### What to produce
The exercise calls for the lines from the one containing "Mjög rúmgott og" to the end of the data below to be output exactly, pictures excluded.

### Data shown
= = = = = = =

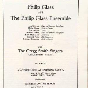 (Philip Glass / The Gregg Smith Singers). Philip Glass with the Philip Glass Ensemble and the Gregg Smith Singers. Carnegie Hall, June 1, 1978 (Carnegie Hall/Stagebill)
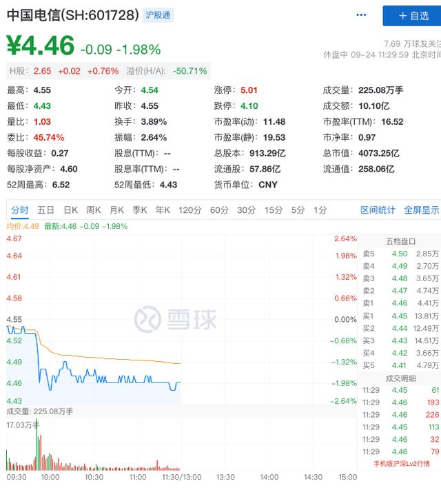 9月24日消息,中国电信A股盘中跌2.6%报4.43元/股,总市值4000亿元。
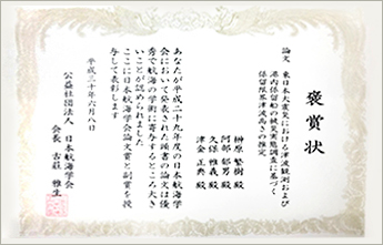この論文は、東日本大震災の津波で被災したタンカーなどの大型船の被災実態調査に基づき、津波来襲時の大型船舶の挙動解析などにより係留限界津波高さの推定を試みた結果を纏めたものです。これまでに、榊原教授のチームでは同様の研究を継続して進めており、これまでの一連の過程が評価されての受賞となりました。被災実態の調査や論文の取りまとめを榊原教授が行い、阿部教授は津波数値解析の立場から論文作成に携わりました。
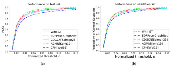 PCK evaluation for performance comparison: proposed model against existing models [12,16,33]. (a) Test; (b) Validation.
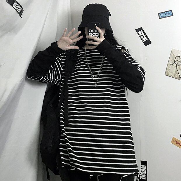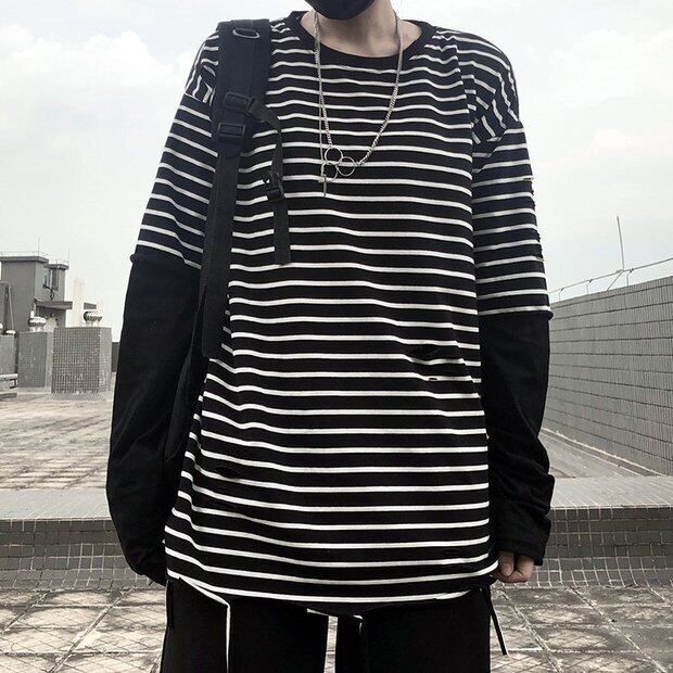 スプリングスタイルストライプTシャツ ルーズトップス ロング かわいい 春物 Brother_is_Style63384381269
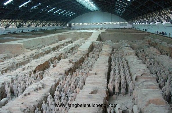 秦始皇兵馬俑博物館位于秦始皇帝陵以東1.5公里處,建筑在秦兵馬俑坑的原址之上。是世界最大的地下軍事博物館。秦始皇陵兵馬俑坑是秦始皇陵的陪葬坑。
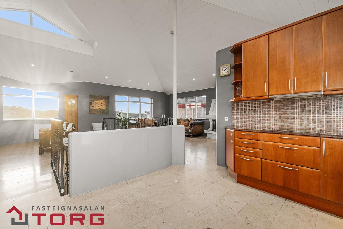 Mjög rúmgott og opið eldhús með granít á borðum, góðu skápaplássi og eldhústækjum. Marmari á gólfi.
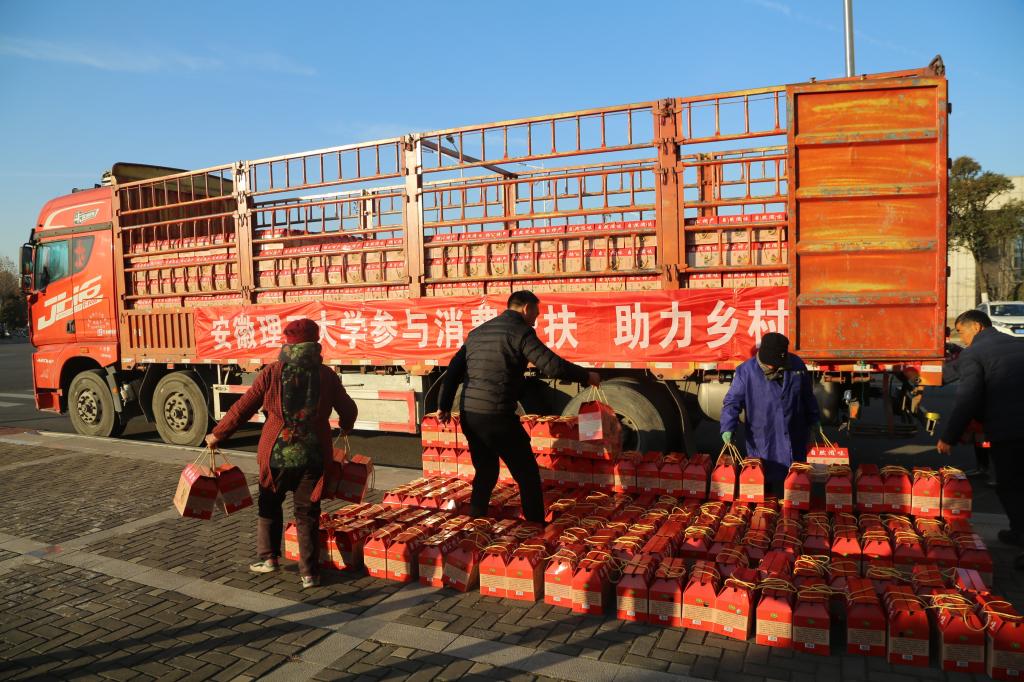 1月9日,在春节来临之际,学校将乡村振兴消费帮扶与教职工春节福利发放有机结合,将从定点帮扶的谢家集区汤王村和大通区三和镇新华村采购的大米、杂粮、香菇等41万余元的绿色农产品发放给教职工,向教职工致以春节的问候和祝福。

= = = = = = =

### Exercise response
 Mjög rúmgott og opið eldhús með granít á borðum, góðu skápaplássi og eldhústækjum. Marmari á gólfi.
 1月9日,在春节来临之际,学校将乡村振兴消费帮扶与教职工春节福利发放有机结合,将从定点帮扶的谢家集区汤王村和大通区三和镇新华村采购的大米、杂粮、香菇等41万余元的绿色农产品发放给教职工,向教职工致以春节的问候和祝福。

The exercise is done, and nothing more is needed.